“I didn’t get to grow up and pull away from her and bitch about her with my friends and confront her about the things I’d wished she’d done differently and then get older and understand that she had done the best she could and realize that what she had done was pretty damn good and take her fully back into my arms again. Her death had obliterated that. It had obliterated me. It had cut me short at the very height of my youthful arrogance. It had forced me to instantly grow up and forgive her every motherly fault at the same time that it kept me forever a child, my life both ended and begun in that premature place where we’d left off. She was my mother, but I was motherless. I was trapped by her, but utterly alone. She would always be the empty bowl that no one could full. I’d have to fill it myself again and again and again.”
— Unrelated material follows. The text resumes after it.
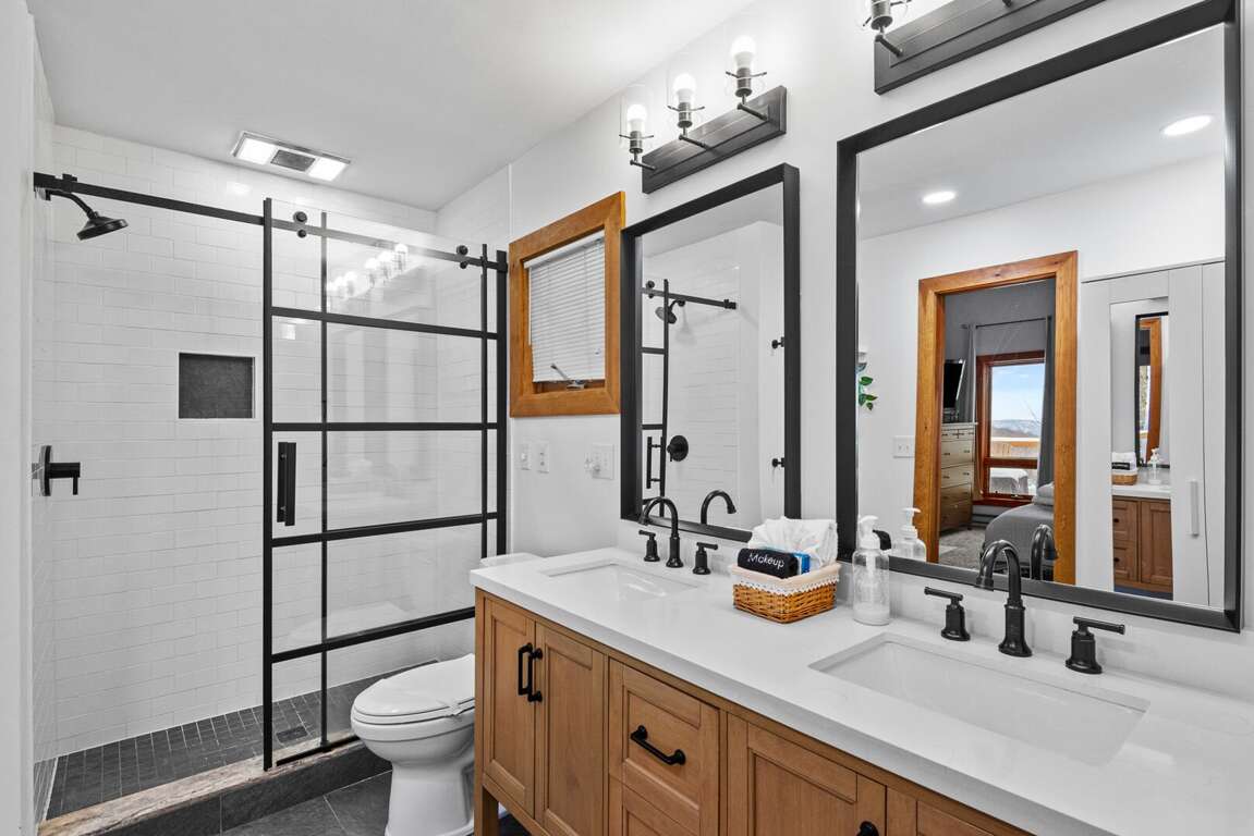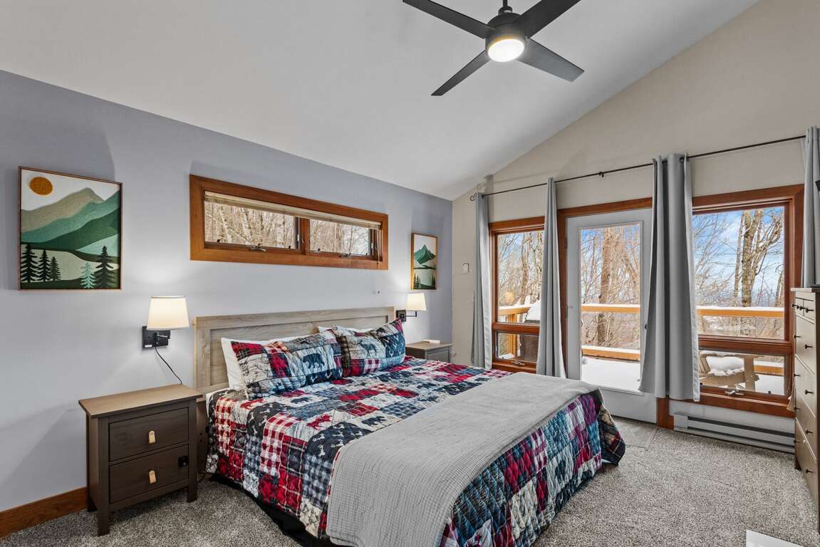 The main-level king ensuite boasts vaulted ceilings, direct access to the back deck, the double-sided fireplace (with a screen for privacy) and a spa-style ensuite bath with modern finishes. A convenient half bath off the great room ensures comfort for all guests.<br />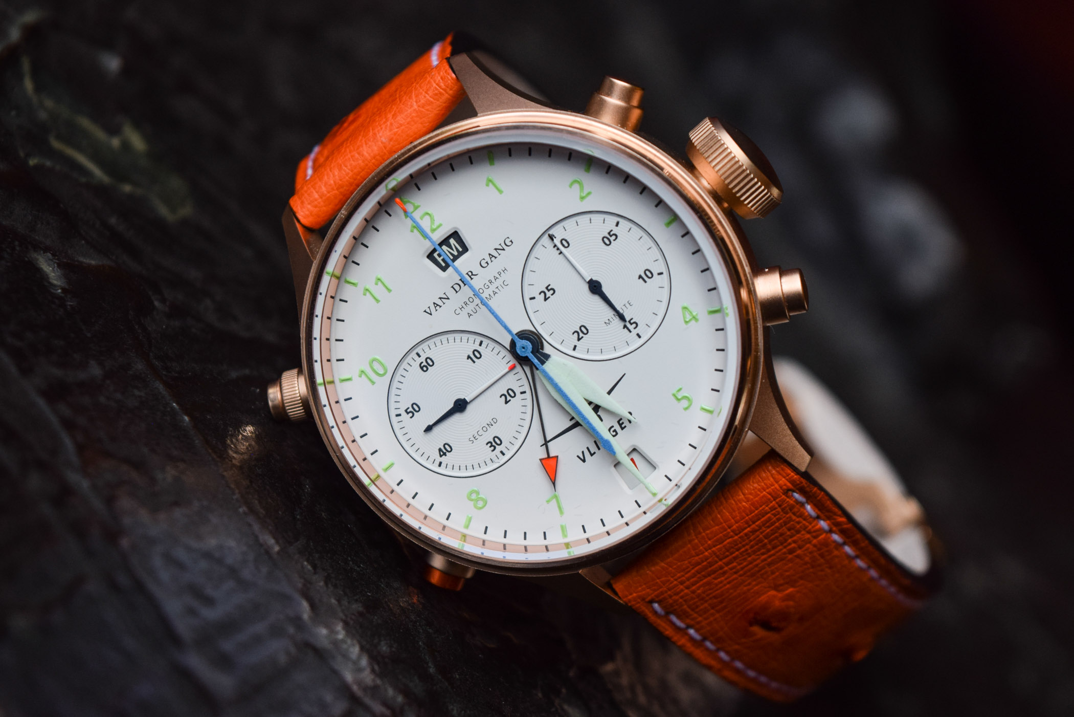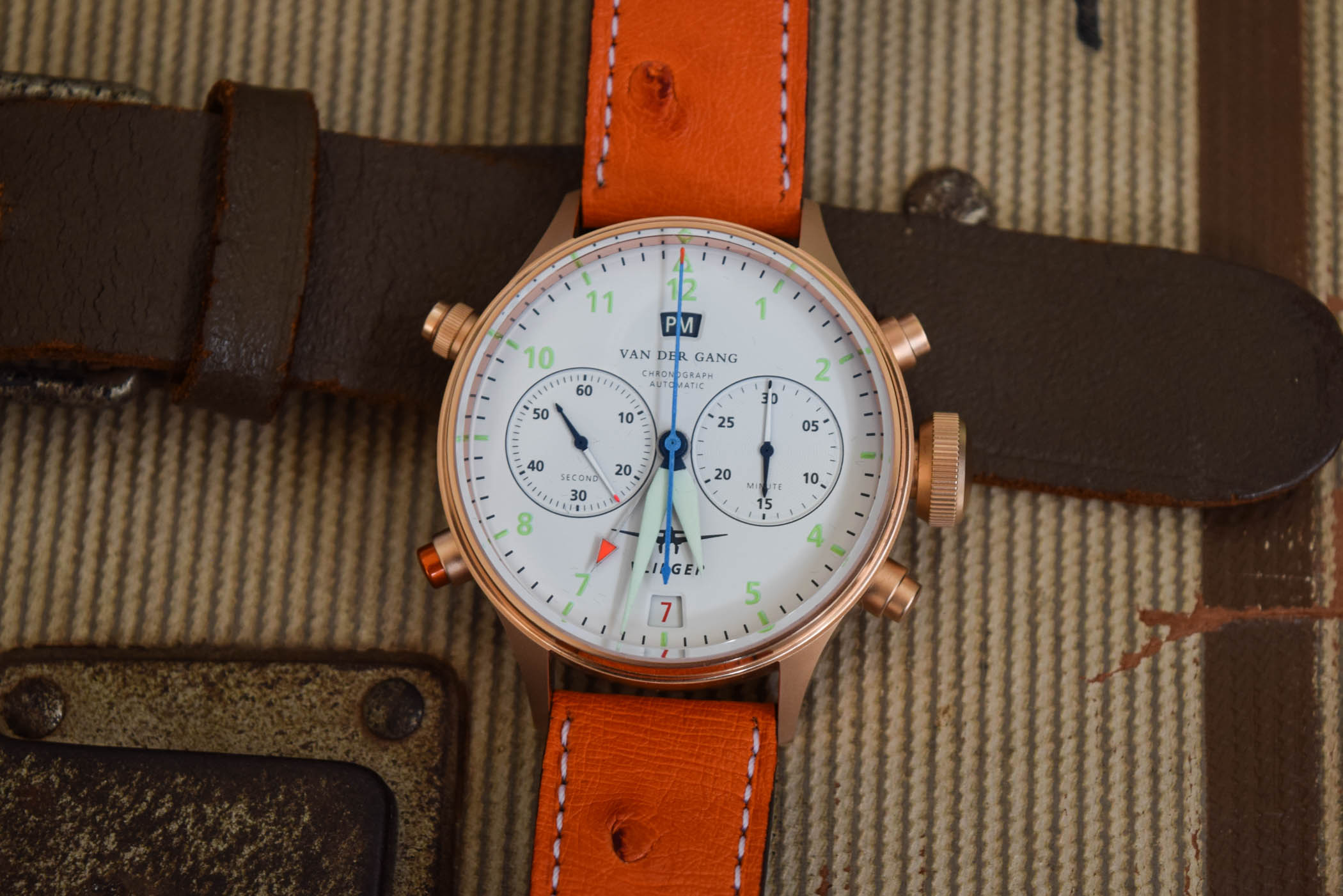 The rose gold Van der Gang Vlieger Satiné comes in a 41mm diameter with a matte white dial. The case is satin-finished by hand with a beautiful result. It is matched with a bright orange leather strap with a folding buckle in gold. The GMT pusher at 8 o’clock is orange to match the overall theme of the watch.

– Cheryl Strayed, Wild: From Lost to Found on the Pacific Crest Trail
Your mother is the person you are supposed to be able to trust and turn to when life gets confusing and scary. Many women, like myself, didn’t have that. My mother suffered from mental health and addiction issues to try and cope with her own horrific childhood. I do not blame her, nor hold any resentment or anger towards her, but when I was younger I did. I feel sad that she could not find help or peace while she was here, and because of that, not only did she lose out on life, but I lost out on a life with her.
I began grieving her long before she died. I grieved the relationship that I wished we could have had throughout my life, even as a child. I looked at the relationship that my friends had with their mother with envy. Even though I was a young adult when my mother passed away, I still longed for her, and the relationship I wished we would have one day.
I was 23 years old when my mom died. Moving into adulthood, and becoming a mother myself, I did my best to shift into a space that allowed me to try to move forward, despite the past, but it was difficult at times.
The confusion around my relationship with my mother while she was here, and the confusion around her not being here after she died had left a hole inside my soul that as Cheryl Strayed described above as “the empty bowl that no one could full. I’d have to fill it myself again and again and again.”
The sense of disconnection that you feel when you have a strained relationship with your mother who is living does not go away when they are gone. Some conversations never got to happen, and even though I had grief counseling, walked through my pain, owned my story and have forgiveness in my heart, there were still the lingering feelings that that I wish things could have been different.
The age of wisdom and experience has made me a better person at understanding that her pain, suffering and choices did not mean she loved me any less. The truth is, she did the best she could, and considering the deep emotional pain that she was in day after day that I understand now, I am in awe of the strength she had when she was here.
Grief is overwhelming and heavy as a stand-alone experience but it is different in comparison to strained relationships. It’s as if grief is layered with the pain of losing someone that you never really had, and the pain of the lost hope that you ever would. I had hoped that as time went on, my mother and I would get to a place where it could feel like a normal mother-daughter relationship for us. While she was living, I always had hope that she would get better and that things between us would get better. When she died that hope was gone. Healing for me had to become about healing the relationship that never was and healing what would never be and moving on from there.
In her absence I had to create a new metaphysical relationship with my mother. In doing so I have developed deeper compassion and empathy for her pain over the years that allows me to sit in a place of forgiveness while I honor her for being my mother without the strained relationship story attached to it. I may not be able to change the past but I can reconstruct the image of my mother in my mind as needed to allow healing and love to flow through our spiritual connection that continues to live on. I chose to heal our relationship this way because I believe that death does not end relationships.
This new metaphysical relationship with my mother that I have been cultivating over they years since she died has brought me to a place of serenity. Motherless daughters of strained relationships grieve differently, and learning how to navigate this journey has brought me to a place of acceptance. Acceptance of her, acceptance of our history, and acceptance of our relationship as it was, and as it now becomes.